Bizarre Tales of Stock Broker Fraud


. By Gordon Gibb

Stock broker fraud can leave one shaking one's head—in view of the arrogance and cruelty of some perpetrators in taking advantage of other people and their money, together with the tragedy when innocent people are needlessly fleeced and financially scarred.

Consumer Reports Money Advisor has even weighed into the fray, with tips to its massive subscriber base on how to avoid stock fraud and prevent being taken to the cleaners.

The Lowell Sun of Massachusetts (3/23/12) outlined a couple of grievous examples of stock broker fraud. Raymond James Financial was required to pay an arbitration award of nearly $1.8 million following the unauthorized movement of $3.5 million worth of funds from bonds to variable annuities and a variable life insurance policy. The client in this case was 87 years old.

Then there was the damage award of $800,000 charged to Merrill Lynch after the financial juggernaut placed the savings of another client, in her 80s', into an all-stock portfolio.

Both awards were handled via stockbroker arbitration.

Brokers have a fiduciary responsibility to represent the intent and wishes of their clients, rather than for personal gain.
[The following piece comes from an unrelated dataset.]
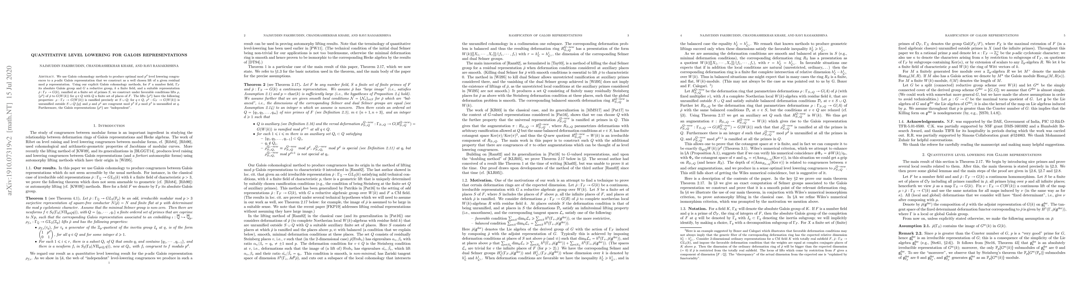 We use Galois cohomology methods to produce optimal mod $p^d$ level lowering congruences to a $p$-adic Galois representation that we construct as a well chosen lift of a given residual mod $p$ representation. Using our explicit Galois cohomology methods, we construct for a reductive group $G$ and a given residual representation $\bar{\rho}: \Gamma_F \to G(k)$, ramified at a finite set of primes $S$, in favorable conditions that we identify, a finite set of lifts $\rho$, $\{\rho^q\}$ of $\bar{\rho}$ to $G(W(k))$ with the following properties: $\rho: \Gamma_F \to G(W(k))$ is ramified precisely at $S \cup Q$, with $Q$ a finite set of primes disjoint from $S$. For $q \in Q$, $\rho^q:G_F \to G(W(k))$ is unramified outside $S \cup Q \backslash \{q\}$ and $\rho$ and $\rho^q$ are congruent mod $p^d$ if $\rho$ mod $p^d$ is unramified at $q$. Furthermore, the Galois representations $\{\rho^q\}$ are "independent".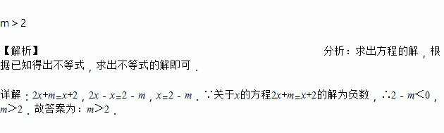 已知关于x的方程2x+m=x+2的解是负数,则m的取值范围是_________。

It is a long-held strategy in the world of financial planning that higher risk and potential volatility is best weathered by younger investors with sufficient time to absorb potential losses. Older investors are better served, generally, by products with lower risk.

In all instances, a client's risk tolerance, regardless of age, is paramount.

One of the most bizarre tales involved a US soldier who formerly defrauded an elderly couple in Ohio of their life savings.

According to the New York Daily News (3/21/12), Staff. Sgt. Robert Bales was a stockbroker in Columbus, prior to enlisting. Federal regulators, in 2003, cited Bales for "fraud, breach of fiduciary duty, churning, unauthorized trading and unsuitable investments," and ordered Bales and his partners to pay Gary Liebschner and his wife $1,274,000 in compensatory and punitive damages.

The Liebschners had asked Bales to liquidate stock they held in AT&T in order to pay medical bills. The stock was worth $852,000, according to the report. The stock was liquidated—Bales was said to have taken as much as $16,000 in commission in a single day—but the money was never advanced to the investors. Bales disappeared.

Bales reportedly failed to appear at a stock broker arbitration hearing in 2000. This past March, the man who allegedly committed stock broker investment fraud was accused of gunning down 16 Afghan civilians while serving in uniform.

It is a bizarre tale of stock fraud.

Consumer Reports, the wildly successful and respected magazine published by Consumers Union, advocates that investors be on the lookout for large numbers of trades, unexpected fees or mysterious drops in portfolio value. One popular aspect of stockbroker fraud is "churning," which are successive trades in an effort to generate fees.

Many investors have little knowledge of such attempts to defraud. Little wonder so many have required the help of a stock broker fraud lawyer to unravel the mysteries of fraud via a stock broker arbitration lawsuit.